One constant in ABC programs is the rise of technology, specifically automation, and how this can assist organizations by easing the burden of processes and lowering costs. Kroll’s survey revealed challenges of performing due diligence such as costs, capacity, turnover, research issues and maintaining the amount of information. Automation can be the answer to these problems. While 72% of global respondents claim they have sufficient technology to address challenges, only 36% said they use automation in the due diligence process. One explanation is how organizations define technology, which is a broad term. Automation is a specific type of technology and when utilized correctly can reduce costs and time spent while increasing speed, quality and growth. While automation could strengthen an ABC program, it is up to the organization to decide which technologies are right for them.
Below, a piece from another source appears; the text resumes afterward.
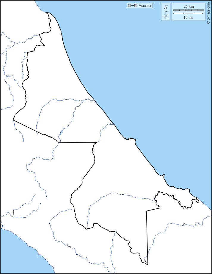 d-maps > Америка > Коста-Рика > Провинция Лимон > побережья, границы, гидрографии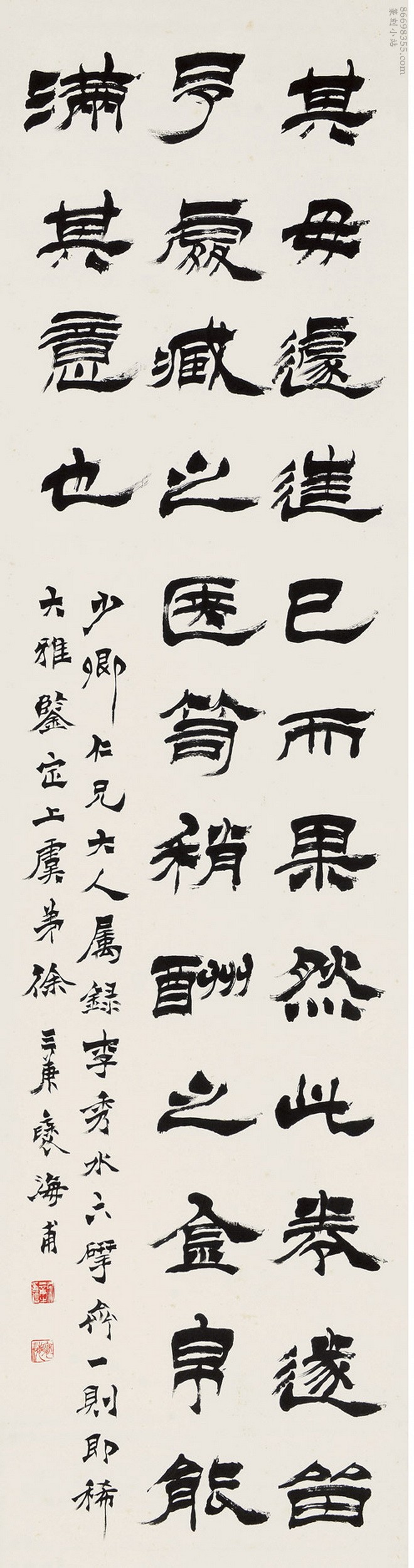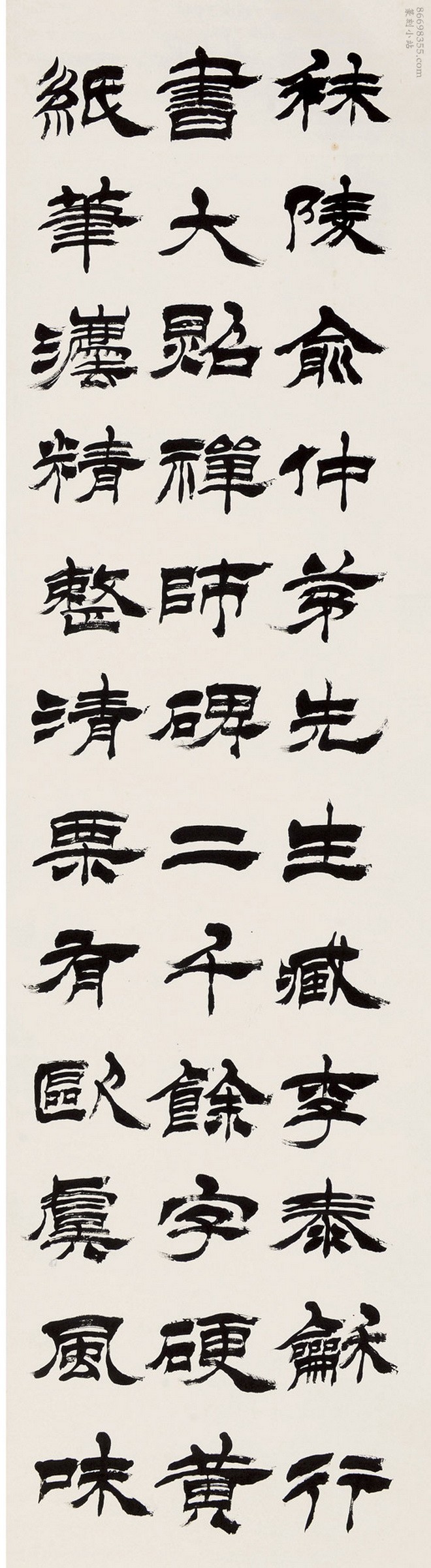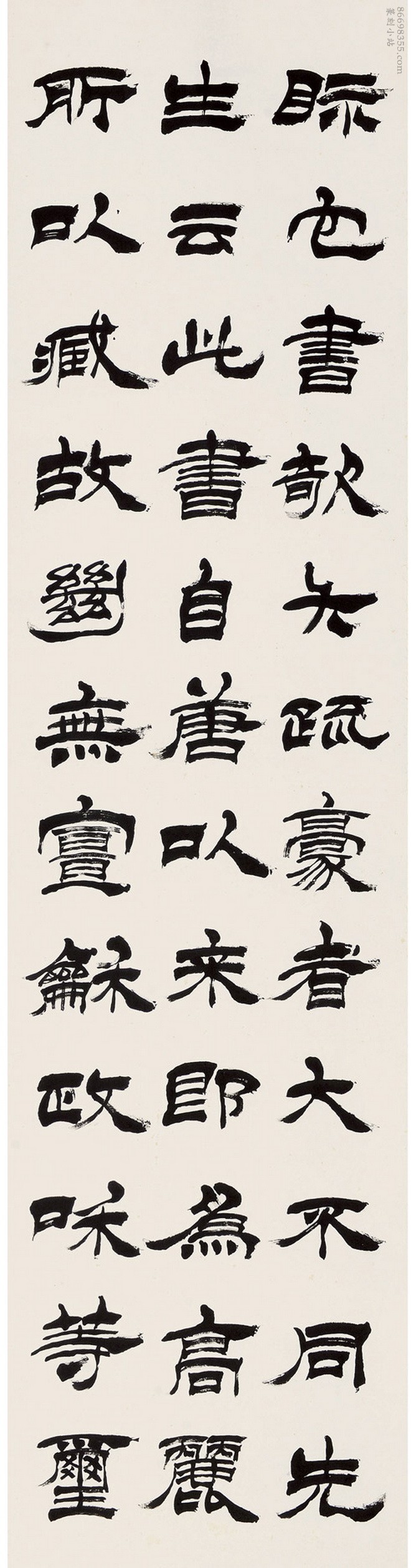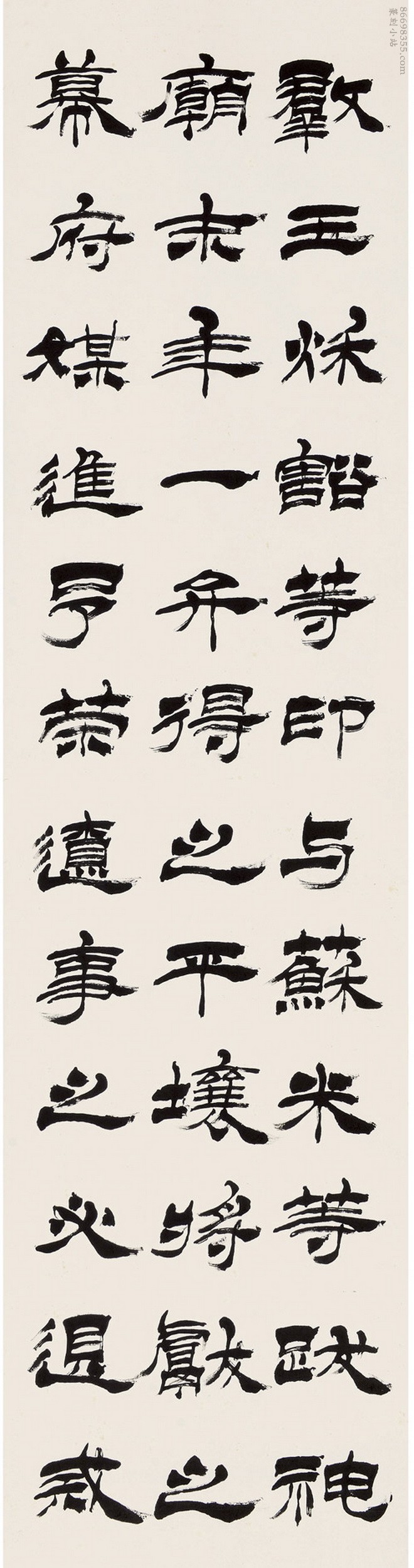 徐三庚(1826-1890) 隶书节录《李日华<味水轩日记>一则》四屏,水墨纸本,尺寸:178×47cm×4。此作徐三庚为“少卿尊兄大人”隶书节录《李日华<味水轩日记>一则》四屏,与杭州市博物馆藏其壬午年(1882)“要使、同驾”《隶书七言联》、以及私藏辛巳年所作“道识、风标”《隶书八言联》相较,可知此作为其晚年所书,取法于汉《礼器》、吴《天发神谶碑》,又融合金农隶法,于秀美遒劲、飘逸刚强中凸显自然老辣,浑厚苍莽。是作用笔中锋劲健厚实,侧锋妍丽洒脱;结字虚实相间,节律分明,横抹竖挑,加之线条间的摇摆变幻,宛如音符跳宕游走。

Due to the ongoing pandemic, now is the time to prepare for what a “new normal” will look like for an organization’s compliance culture. If an organization’s culture of ethics and integrity was disrupted due to supply chain, financial issues or remote work, it is time to rethink and make appropriate changes to any ABC programs already in place or consider implementing one if there isn’t. The effectiveness of any changes or new programs will depend on how they relate to the specific needs and the individual organization. Although the survey indicates an increase in inclusion of ESG in ABC programs, there is still a long way to go in terms of implementation and managing the challenges that come with it. According to the Kroll report, ESG is set as a high priority for regulators, and ESG disclosure regulations are likely to be standardized in the future across many countries. While many organizations are worried regarding the costs to employ ESG in ABC programs, the cost of not considering ESG factors in ABC programs may be greater. With what appears to be a permanent hybrid work setting, the focus is shifting to the improvement of cyber security and IT systems, remote monitoring of third parties and process automation.